====== DATASET EXCERPTS ======

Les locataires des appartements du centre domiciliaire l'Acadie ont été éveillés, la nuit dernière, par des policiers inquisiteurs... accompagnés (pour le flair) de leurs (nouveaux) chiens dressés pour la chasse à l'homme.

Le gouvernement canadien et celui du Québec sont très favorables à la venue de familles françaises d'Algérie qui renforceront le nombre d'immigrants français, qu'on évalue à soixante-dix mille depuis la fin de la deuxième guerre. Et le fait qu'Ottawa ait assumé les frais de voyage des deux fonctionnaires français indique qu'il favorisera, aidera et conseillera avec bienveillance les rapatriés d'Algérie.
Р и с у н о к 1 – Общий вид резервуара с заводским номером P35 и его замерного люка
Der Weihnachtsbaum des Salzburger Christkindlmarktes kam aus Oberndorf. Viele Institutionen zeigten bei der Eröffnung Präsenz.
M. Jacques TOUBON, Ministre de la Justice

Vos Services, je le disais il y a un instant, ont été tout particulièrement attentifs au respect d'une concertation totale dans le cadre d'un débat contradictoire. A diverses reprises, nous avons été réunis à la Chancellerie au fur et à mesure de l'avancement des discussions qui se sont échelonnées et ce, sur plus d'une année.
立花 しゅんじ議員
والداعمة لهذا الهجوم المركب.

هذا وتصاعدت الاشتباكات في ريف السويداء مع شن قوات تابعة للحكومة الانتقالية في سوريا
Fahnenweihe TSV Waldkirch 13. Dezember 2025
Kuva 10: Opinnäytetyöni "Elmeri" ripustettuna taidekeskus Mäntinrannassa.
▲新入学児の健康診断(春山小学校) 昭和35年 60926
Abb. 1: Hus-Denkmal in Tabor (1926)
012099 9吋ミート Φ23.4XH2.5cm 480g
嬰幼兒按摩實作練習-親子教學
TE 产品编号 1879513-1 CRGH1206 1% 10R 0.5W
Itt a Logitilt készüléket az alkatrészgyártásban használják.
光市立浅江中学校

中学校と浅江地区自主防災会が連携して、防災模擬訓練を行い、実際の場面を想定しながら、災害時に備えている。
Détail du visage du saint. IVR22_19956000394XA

======
====== DATASET EXCERPTS ======

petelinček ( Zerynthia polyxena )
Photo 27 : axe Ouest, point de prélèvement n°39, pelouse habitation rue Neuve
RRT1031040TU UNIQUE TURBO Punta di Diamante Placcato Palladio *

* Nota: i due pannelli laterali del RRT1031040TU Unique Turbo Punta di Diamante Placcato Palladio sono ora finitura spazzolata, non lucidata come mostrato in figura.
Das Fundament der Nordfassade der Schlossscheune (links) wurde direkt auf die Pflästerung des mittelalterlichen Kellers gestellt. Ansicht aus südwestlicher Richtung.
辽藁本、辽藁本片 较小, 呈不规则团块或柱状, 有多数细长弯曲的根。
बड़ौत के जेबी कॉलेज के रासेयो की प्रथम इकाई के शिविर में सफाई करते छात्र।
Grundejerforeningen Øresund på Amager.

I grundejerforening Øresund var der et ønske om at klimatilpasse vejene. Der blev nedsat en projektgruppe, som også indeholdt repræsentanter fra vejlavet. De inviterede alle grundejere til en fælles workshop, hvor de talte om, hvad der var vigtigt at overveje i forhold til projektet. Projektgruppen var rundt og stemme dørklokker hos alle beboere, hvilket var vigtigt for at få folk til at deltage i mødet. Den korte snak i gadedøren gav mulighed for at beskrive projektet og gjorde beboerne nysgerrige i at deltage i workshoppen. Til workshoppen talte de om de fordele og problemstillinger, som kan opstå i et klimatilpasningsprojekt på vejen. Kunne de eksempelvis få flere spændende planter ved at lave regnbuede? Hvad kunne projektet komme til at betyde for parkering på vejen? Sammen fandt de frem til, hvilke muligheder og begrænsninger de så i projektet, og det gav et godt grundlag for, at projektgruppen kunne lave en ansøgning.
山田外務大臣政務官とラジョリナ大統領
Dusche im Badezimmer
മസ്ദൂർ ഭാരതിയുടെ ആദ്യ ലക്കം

======

▶ **ACTIVITY**
Reading through the records above, report each line in which the string "Punta" is found.

▶ **OUTPUT FOR THIS TASK**
RRT1031040TU UNIQUE TURBO Punta di Diamante Placcato Palladio *
* Nota: i due pannelli laterali del RRT1031040TU Unique Turbo Punta di Diamante Placcato Palladio sono ora finitura spazzolata, non lucidata come mostrato in figura.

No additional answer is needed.